DATA
━━━━━━━━━━
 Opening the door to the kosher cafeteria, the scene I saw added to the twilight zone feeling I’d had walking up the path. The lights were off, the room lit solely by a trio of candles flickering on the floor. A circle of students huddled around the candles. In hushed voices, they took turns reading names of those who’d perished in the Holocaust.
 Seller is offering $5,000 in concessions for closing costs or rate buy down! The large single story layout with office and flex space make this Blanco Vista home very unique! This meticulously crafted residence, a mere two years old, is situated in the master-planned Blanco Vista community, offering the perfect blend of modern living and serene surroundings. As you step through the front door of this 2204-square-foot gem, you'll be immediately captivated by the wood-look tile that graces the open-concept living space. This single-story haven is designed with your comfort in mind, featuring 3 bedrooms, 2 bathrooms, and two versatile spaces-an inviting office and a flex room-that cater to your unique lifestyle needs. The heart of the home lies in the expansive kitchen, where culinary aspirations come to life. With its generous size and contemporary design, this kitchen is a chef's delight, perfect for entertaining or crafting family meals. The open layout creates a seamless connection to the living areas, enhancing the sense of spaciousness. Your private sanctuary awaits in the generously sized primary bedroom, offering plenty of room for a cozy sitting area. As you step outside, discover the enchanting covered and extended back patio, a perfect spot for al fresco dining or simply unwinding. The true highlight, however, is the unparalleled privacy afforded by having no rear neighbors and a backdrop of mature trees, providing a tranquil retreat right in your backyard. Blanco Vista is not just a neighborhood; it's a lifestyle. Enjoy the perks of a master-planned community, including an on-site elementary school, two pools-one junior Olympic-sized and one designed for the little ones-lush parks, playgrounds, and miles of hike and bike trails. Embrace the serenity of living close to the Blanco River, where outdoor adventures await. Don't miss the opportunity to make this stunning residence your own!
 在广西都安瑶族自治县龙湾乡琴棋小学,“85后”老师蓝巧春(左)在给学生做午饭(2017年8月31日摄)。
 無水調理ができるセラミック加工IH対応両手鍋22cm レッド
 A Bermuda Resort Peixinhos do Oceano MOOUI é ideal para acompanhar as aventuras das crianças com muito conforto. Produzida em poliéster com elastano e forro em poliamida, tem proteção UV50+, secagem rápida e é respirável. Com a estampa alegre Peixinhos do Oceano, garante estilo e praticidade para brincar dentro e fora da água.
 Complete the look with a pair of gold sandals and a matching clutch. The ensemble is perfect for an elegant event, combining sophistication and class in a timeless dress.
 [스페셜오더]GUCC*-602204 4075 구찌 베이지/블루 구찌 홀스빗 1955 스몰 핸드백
━━━━━━━━━━
TASK ITEM
Reproduce the data exactly. Keep every line intact.

FINAL ANSWER
 Opening the door to the kosher cafeteria, the scene I saw added to the twilight zone feeling I’d had walking up the path. The lights were off, the room lit solely by a trio of candles flickering on the floor. A circle of students huddled around the candles. In hushed voices, they took turns reading names of those who’d perished in the Holocaust.
 Seller is offering $5,000 in concessions for closing costs or rate buy down! The large single story layout with office and flex space make this Blanco Vista home very unique! This meticulously crafted residence, a mere two years old, is situated in the master-planned Blanco Vista community, offering the perfect blend of modern living and serene surroundings. As you step through the front door of this 2204-square-foot gem, you'll be immediately captivated by the wood-look tile that graces the open-concept living space. This single-story haven is designed with your comfort in mind, featuring 3 bedrooms, 2 bathrooms, and two versatile spaces-an inviting office and a flex room-that cater to your unique lifestyle needs. The heart of the home lies in the expansive kitchen, where culinary aspirations come to life. With its generous size and contemporary design, this kitchen is a chef's delight, perfect for entertaining or crafting family meals. The open layout creates a seamless connection to the living areas, enhancing the sense of spaciousness. Your private sanctuary awaits in the generously sized primary bedroom, offering plenty of room for a cozy sitting area. As you step outside, discover the enchanting covered and extended back patio, a perfect spot for al fresco dining or simply unwinding. The true highlight, however, is the unparalleled privacy afforded by having no rear neighbors and a backdrop of mature trees, providing a tranquil retreat right in your backyard. Blanco Vista is not just a neighborhood; it's a lifestyle. Enjoy the perks of a master-planned community, including an on-site elementary school, two pools-one junior Olympic-sized and one designed for the little ones-lush parks, playgrounds, and miles of hike and bike trails. Embrace the serenity of living close to the Blanco River, where outdoor adventures await. Don't miss the opportunity to make this stunning residence your own!
 在广西都安瑶族自治县龙湾乡琴棋小学,“85后”老师蓝巧春(左)在给学生做午饭(2017年8月31日摄)。
 無水調理ができるセラミック加工IH対応両手鍋22cm レッド
 A Bermuda Resort Peixinhos do Oceano MOOUI é ideal para acompanhar as aventuras das crianças com muito conforto. Produzida em poliéster com elastano e forro em poliamida, tem proteção UV50+, secagem rápida e é respirável. Com a estampa alegre Peixinhos do Oceano, garante estilo e praticidade para brincar dentro e fora da água.
 Complete the look with a pair of gold sandals and a matching clutch. The ensemble is perfect for an elegant event, combining sophistication and class in a timeless dress.
 [스페셜오더]GUCC*-602204 4075 구찌 베이지/블루 구찌 홀스빗 1955 스몰 핸드백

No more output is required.